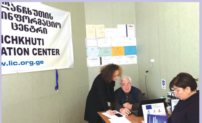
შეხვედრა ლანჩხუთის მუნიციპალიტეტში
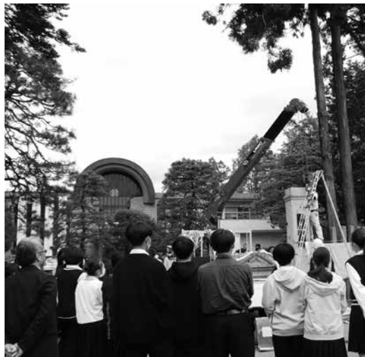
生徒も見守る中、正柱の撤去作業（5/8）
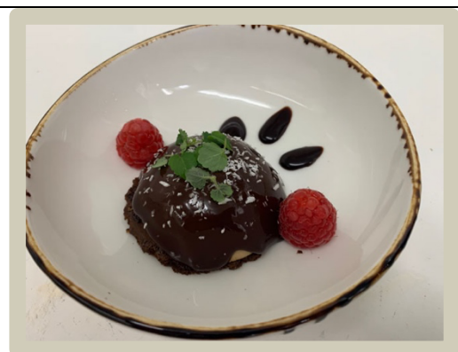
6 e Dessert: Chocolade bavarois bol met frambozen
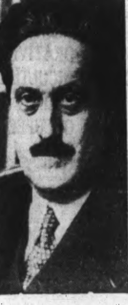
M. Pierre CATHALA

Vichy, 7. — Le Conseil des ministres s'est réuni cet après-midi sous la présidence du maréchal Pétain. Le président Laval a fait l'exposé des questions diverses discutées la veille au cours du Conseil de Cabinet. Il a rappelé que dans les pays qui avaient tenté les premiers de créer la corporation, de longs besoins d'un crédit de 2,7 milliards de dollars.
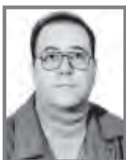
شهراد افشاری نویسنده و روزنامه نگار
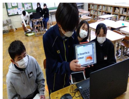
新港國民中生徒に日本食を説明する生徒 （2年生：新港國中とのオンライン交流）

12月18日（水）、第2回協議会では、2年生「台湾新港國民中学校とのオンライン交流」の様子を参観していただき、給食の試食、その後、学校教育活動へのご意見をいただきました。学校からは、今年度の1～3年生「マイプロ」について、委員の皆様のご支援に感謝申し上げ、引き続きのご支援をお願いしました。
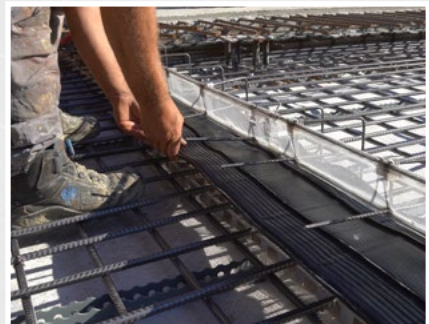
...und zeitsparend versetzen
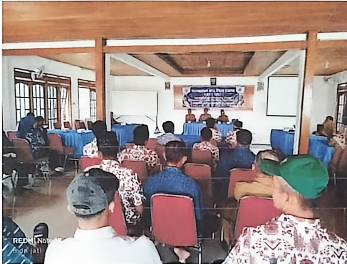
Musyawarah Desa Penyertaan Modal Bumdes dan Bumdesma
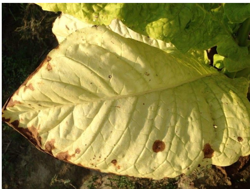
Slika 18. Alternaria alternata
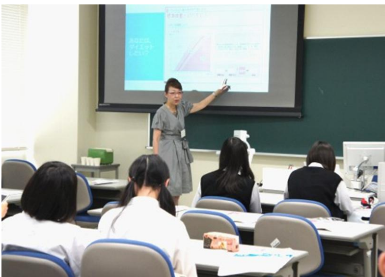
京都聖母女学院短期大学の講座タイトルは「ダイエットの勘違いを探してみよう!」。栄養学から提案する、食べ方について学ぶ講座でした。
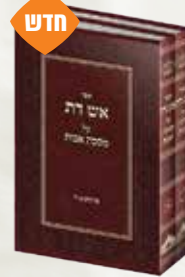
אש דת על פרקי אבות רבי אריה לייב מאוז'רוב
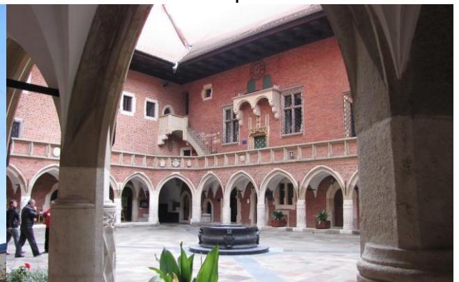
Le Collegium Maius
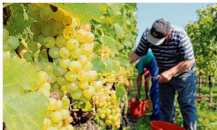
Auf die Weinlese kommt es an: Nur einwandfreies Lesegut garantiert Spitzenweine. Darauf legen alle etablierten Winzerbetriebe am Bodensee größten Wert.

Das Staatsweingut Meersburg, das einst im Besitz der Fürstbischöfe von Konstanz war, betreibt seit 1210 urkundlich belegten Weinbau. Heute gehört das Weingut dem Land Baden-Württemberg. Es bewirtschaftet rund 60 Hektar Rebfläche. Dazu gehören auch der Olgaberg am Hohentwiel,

▸ DIRECTIONS: Every line from the one containing "生徒も見守る中、正柱の撤去作業（5/8）" through the end of the entries above is to be copied exactly; pictures are to be left out.

▸ REPLY TO THE EXERCISE:
生徒も見守る中、正柱の撤去作業（5/8）
6 e Dessert: Chocolade bavarois bol met frambozen
M. Pierre CATHALA

Vichy, 7. — Le Conseil des ministres s'est réuni cet après-midi sous la présidence du maréchal Pétain. Le président Laval a fait l'exposé des questions diverses discutées la veille au cours du Conseil de Cabinet. Il a rappelé que dans les pays qui avaient tenté les premiers de créer la corporation, de longs besoins d'un crédit de 2,7 milliards de dollars.
شهراد افشاری نویسنده و روزنامه نگار
新港國民中生徒に日本食を説明する生徒 （2年生：新港國中とのオンライン交流）

12月18日（水）、第2回協議会では、2年生「台湾新港國民中学校とのオンライン交流」の様子を参観していただき、給食の試食、その後、学校教育活動へのご意見をいただきました。学校からは、今年度の1～3年生「マイプロ」について、委員の皆様のご支援に感謝申し上げ、引き続きのご支援をお願いしました。
...und zeitsparend versetzen
Musyawarah Desa Penyertaan Modal Bumdes dan Bumdesma
Slika 18. Alternaria alternata
京都聖母女学院短期大学の講座タイトルは「ダイエットの勘違いを探してみよう!」。栄養学から提案する、食べ方について学ぶ講座でした。
אש דת על פרקי אבות רבי אריה לייב מאוז'רוב
Le Collegium Maius
Auf die Weinlese kommt es an: Nur einwandfreies Lesegut garantiert Spitzenweine. Darauf legen alle etablierten Winzerbetriebe am Bodensee größten Wert.

Das Staatsweingut Meersburg, das einst im Besitz der Fürstbischöfe von Konstanz war, betreibt seit 1210 urkundlich belegten Weinbau. Heute gehört das Weingut dem Land Baden-Württemberg. Es bewirtschaftet rund 60 Hektar Rebfläche. Dazu gehören auch der Olgaberg am Hohentwiel,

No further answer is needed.